Importer John Scott has put forward 36 questions to the transport ministry which issues shipping licences. His questions range from the structure of the entities currently running the service to the licence’s terms and conditions. Scott claims that those putting their cargo through Pacific Forum Line (PFL) are being treated unfairly.

“Does government consider that the further expansion of the Reef services to the Cook Islands – through the introduction of Southern Tiare – is a desirable development right now considering the agitation about present services?” asks Scott.

“Would it not be appropriate at this rather strained juncture for government to get behind the Pacific Forum Line and secure competitive services to the Cook Islands rather than give what appears to be tacit support to the expansion and consolidation by Reef [Shipping] of its monopoly on the Cook Islands service?”

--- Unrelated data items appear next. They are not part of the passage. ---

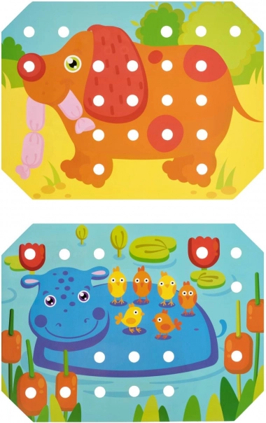 Deti si vyberú jednu z farebných predlôh, položia ju na drevený podstavec a obrázok vyplňujú kolíkmi pomocou pinzety alebo rúk. Môžu tiež trénovať šnurovanie a vyšívanie pomocou priložených šnúrok. Hra prirodzene podporuje sústredenie, logiku, trpezlivosť a presnosť.
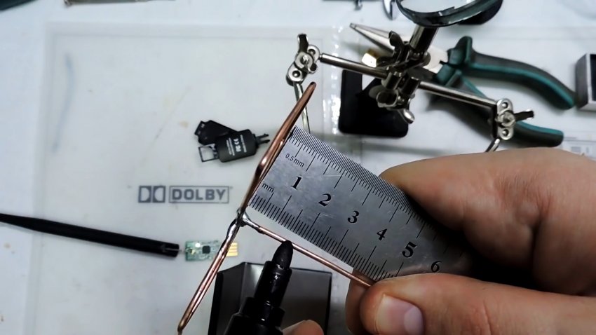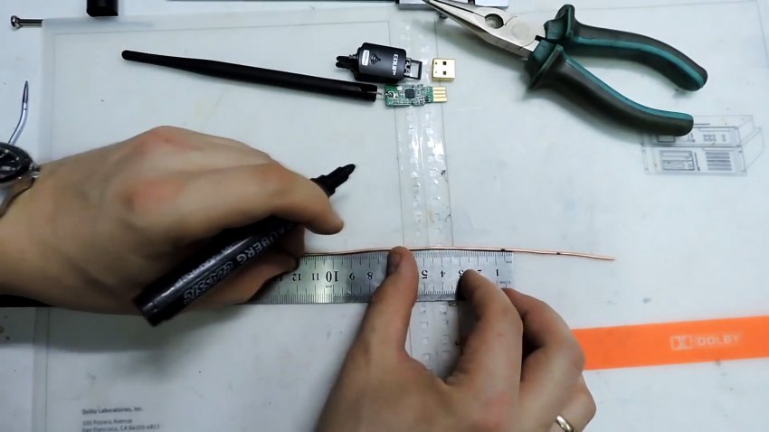 Чтобы сделать дальнобойную антенну используем медную проволоку. Сперва выравниваем ее и маркером размечаем на ней 8 отрезков по 3 см каждый.
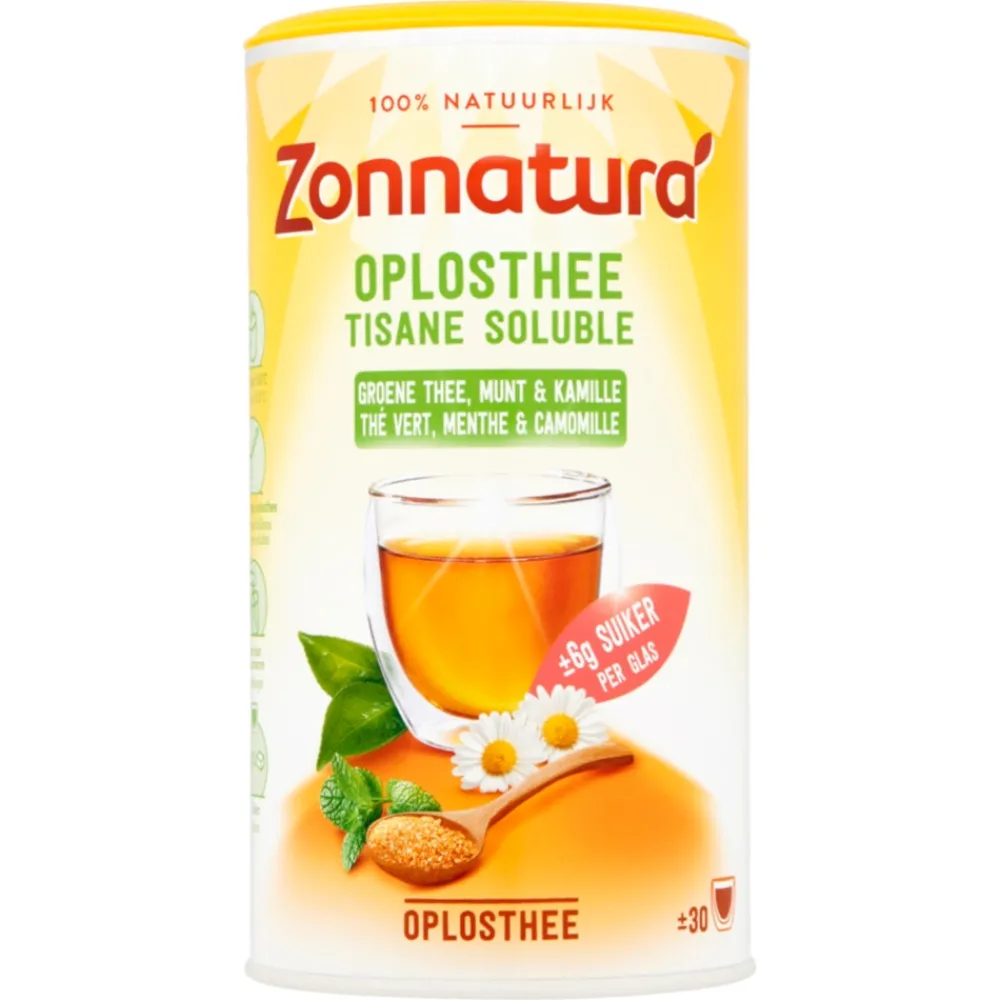 Zonnatura Groene & kamille oplosthee bevat een 100% natuurlijk kruidenextract op basis van groene thee, kamille & pepermunt. Deze melange geeft de oplosthee een heerlijk zacht frisse smaak. De druivensuiker en honing maken de thee op een natuurlijke wijze lekker zoet. Lekker voor elk moment van de dag.
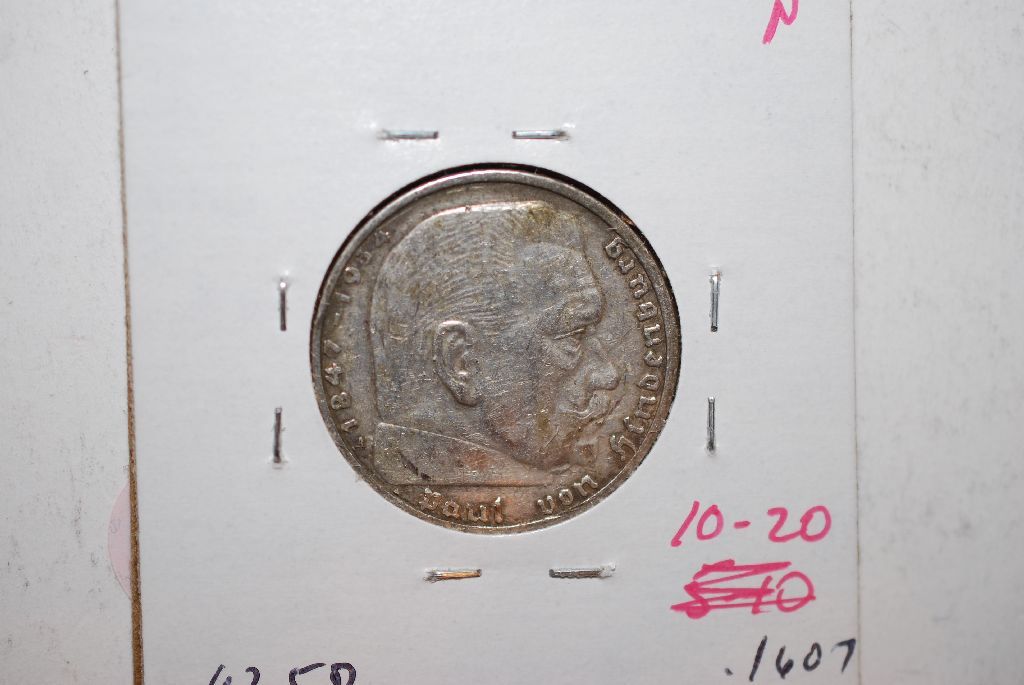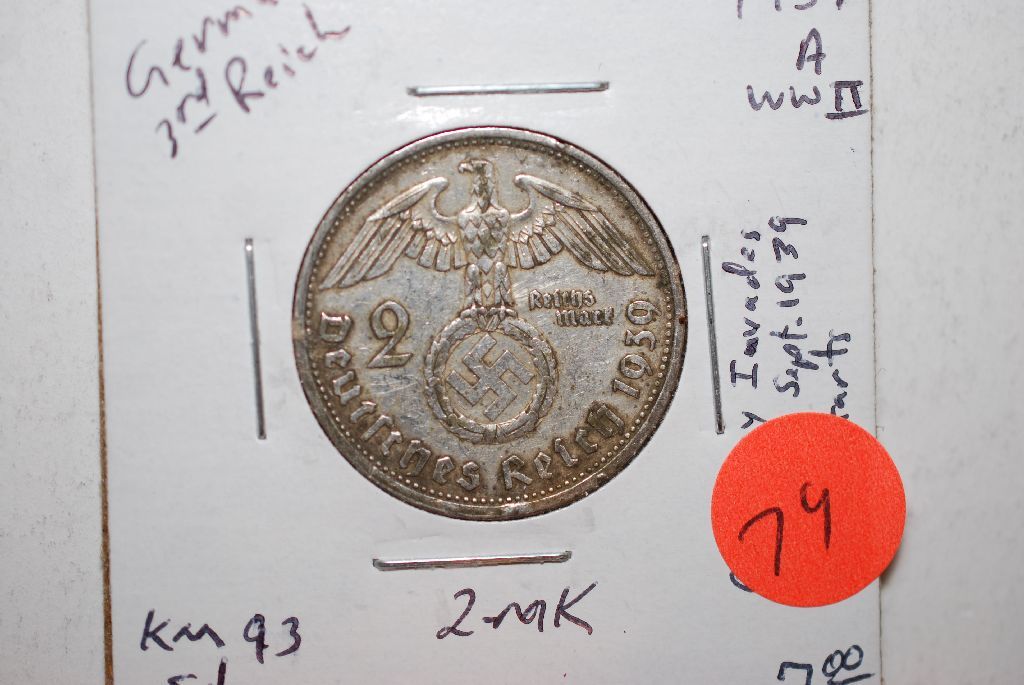 1939-A German 2 Deutsche Mark Foreign Coin With Flying Eagle Holding Swatstika; WWII-Germany Invades Poland Sept. 1, 1939; Silver .1607; EST. $10-20

During Tuesday’s meeting of mainly PFL importers with shipping minister Tangata Vavia and his associate Winton Pickering, Scott was told that he could find out some of the answers by searching company records, or by getting them from Reef Shipping.

But at the crux of Scott’s concerns is some accountability in the decisions behind which containers make the sailing, and which containers don’t.

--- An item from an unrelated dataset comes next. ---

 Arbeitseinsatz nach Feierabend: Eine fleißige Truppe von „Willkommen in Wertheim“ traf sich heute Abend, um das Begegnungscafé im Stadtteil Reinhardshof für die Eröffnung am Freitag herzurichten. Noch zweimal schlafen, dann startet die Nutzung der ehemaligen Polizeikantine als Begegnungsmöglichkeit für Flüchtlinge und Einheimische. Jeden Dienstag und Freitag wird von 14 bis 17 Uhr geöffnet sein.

With PFL importers expected to meet the company’s new chief executive Sean Bolt in Rarotonga next week, Scott has fired off questions to PFL on Tuesday.

“As you have a guaranteed 35 slots, who at PFL is monitoring that you received your allocation?” he asks.

“Does Reef have the same understanding as yourselves [PFL] that certain cargo travelling is critical and by this I mean stockfeed because I have certainly taken every opportunity to impress this upon everyone including [Reef Shipping’s trade manager] Ewan Grant so there is no-one in the command chain that can plead they were unaware of this requirement? That being the case is it unreasonable then to conclude that someone with more clout than yourselves and Ewan deliberately instructed that these containers be left behind. If that is then too far-fetched for everyone then why did they not get loaded?”